The Schmieding Center was born out of need and love. When his brother started showing signs of advanced aging, Lawrence Schmieding made the promise to find someone to take care of him at home. The promise turned out to be very difficult to keep. He recognized that there was a need for formal training specifically designed to prepare individuals to care for older adults in their home. 
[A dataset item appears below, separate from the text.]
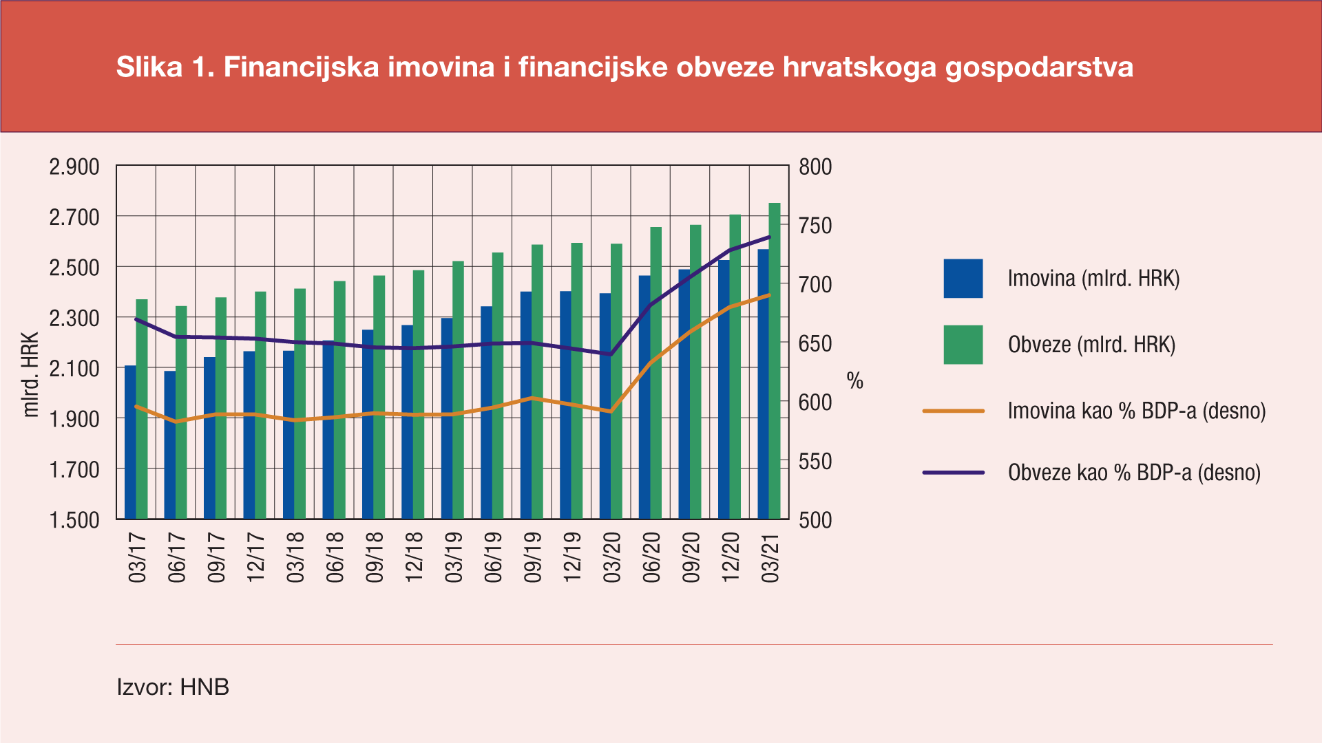Na kraju prvog tromjesečja 2021. (Slika 1.) financijska imovina hrvatskoga gospodarstva iznosila je 2.567 mlrd. HRK, što je povećanje od 42 mlrd. HRK u tom tromjesečju i 174 mlrd. HRK u razdoblju od godine dana. Istodobno, financijske obveze hrvatskoga gospodarstva iznosile su 2.751 mlrd. HRK, a povećale su se za 46 mlrd. HRK u tromjesečju odnosno 162 mlrd. HRK u razdoblju od godine dana. U odnosu na BDP financijska imovina hrvatskoga gospodarstva na kraju prvog tromjesečja 2021. iznosila je 690% godišnjeg BDP-a, što je povećanje od 10 postotnih bodova u tom tromjesečju i 99 postotnih bodova u razdoblju od godinu dana. Istodobno, financijske obveze hrvatskoga gospodarstva povećale su se za 11 postotnih bodova u tromjesečju i 100 postotnih bodova u godinu dana, te su na kraju prvog tromjesečja 2021. dosegnule razinu od 759% godišnjeg BDP-a. Time se nastavio brzi rast stanja imovine i obveza hrvatskoga gospodarstva u odnosu na BDP, zahvaljujući nastavku rasta njihove nominalne vrijednosti, uz istovremeno nepovoljno kretanje tromjesečnog BDP-a, a koji je započeo u drugom tromjesečju 2020. godine.

Schmieding’s personal experience led to a generous gift from the Schmieding Foundation to UAMS in 1998, and the foundation established a 20-year endowment to construct and then operate the first Center on Aging in Arkansas. Dr. McHenry says, “Mr. Schmieding would say, ‘Where there’s home, there’s hope.’ He knew how important it was to be able to keep aging Arkansans in their own homes.”

 

From those beginnings, the Schmieding Center has expanded and continued to improve the way it assists the aging population. It not only provides training for caregivers, but also assists older adults in many ways to help them realize longevity healthily, happily and at home. It offers a “uniquely high-touch approach to delivering healthy-living learning opportunities, aging information, referrals and consultation services and specialized health care for older adults.”

 

In a global pandemic where COVID-19 is severely high risk for the aging population, the Schmieding Center has recognized its importance in making sure the ones it serves are being cared for and educated. This has been especially difficult in a situation where they are isolated and required to be socially distant. 

 

Luckily, Dr. McHenry is uniquely skilled for such a time. Dr. McHenry was involved with the inception of distance learning at the University of Arkansas. He says with COVID-19, “It’s forced us to learn more tricks and innovative ways to connect with our people. Though I did have some understanding before as to how important it was, we have gone above and beyond to make connections. Many people in our demographic are getting Facebook now to stay connected. We have been using Zoom and Facebook Live. I fully expect that once we are beyond this time of COVID-19, we’re not going to go back to the way we were.”

 

Dr. McHenry recognizes that the socialization part is extremely important for the people the center serves. With in-person socialization not being safe at this time, the center is offering as much as it can online. From Tai Chi to yoga workouts, it is addressing the need for exercise and socialization. He knows the staff is missing being around people of like mind, but they are continuing to come up with ways to connect their demographic. Dr. McHenry highly recommends checking out the center’s Facebook page at www.facebook.com/schmiedingcenter.

 

Dr. McHenry and his wife of 41 years, Lepaine Sharp McHenry, have three children and also raised one niece. They have both always seen the value in education. Lepaine McHenry is the dean of Simmons University in Massachusetts, and the couple has learned the ability to have a successful distance relationship. Dr. McHenry’s siblings sought education from the beginning, with one brother becoming a school principal, another brother and a sister becoming teachers, and even a sister-in-law who directed the Arkansas Education Association. 

 

He continues that passion now at 63, educating aging Arkansans. Dr. McHenry says that he has found nothing better in his life than his walk with the Lord, and his favorite passage is Proverbs 29:18, “Where there is no vision, the people perish…” He believes that people must have a vision as to where their life is going and something that guides them and moves them in a positive direction. He is doing just that with the people of the Schmieding Center. He is a provider of positive direction and vision. He continues to be propelled by the things that have always guided him, and the aging population of Northwest Arkansas is more than pleased to have him.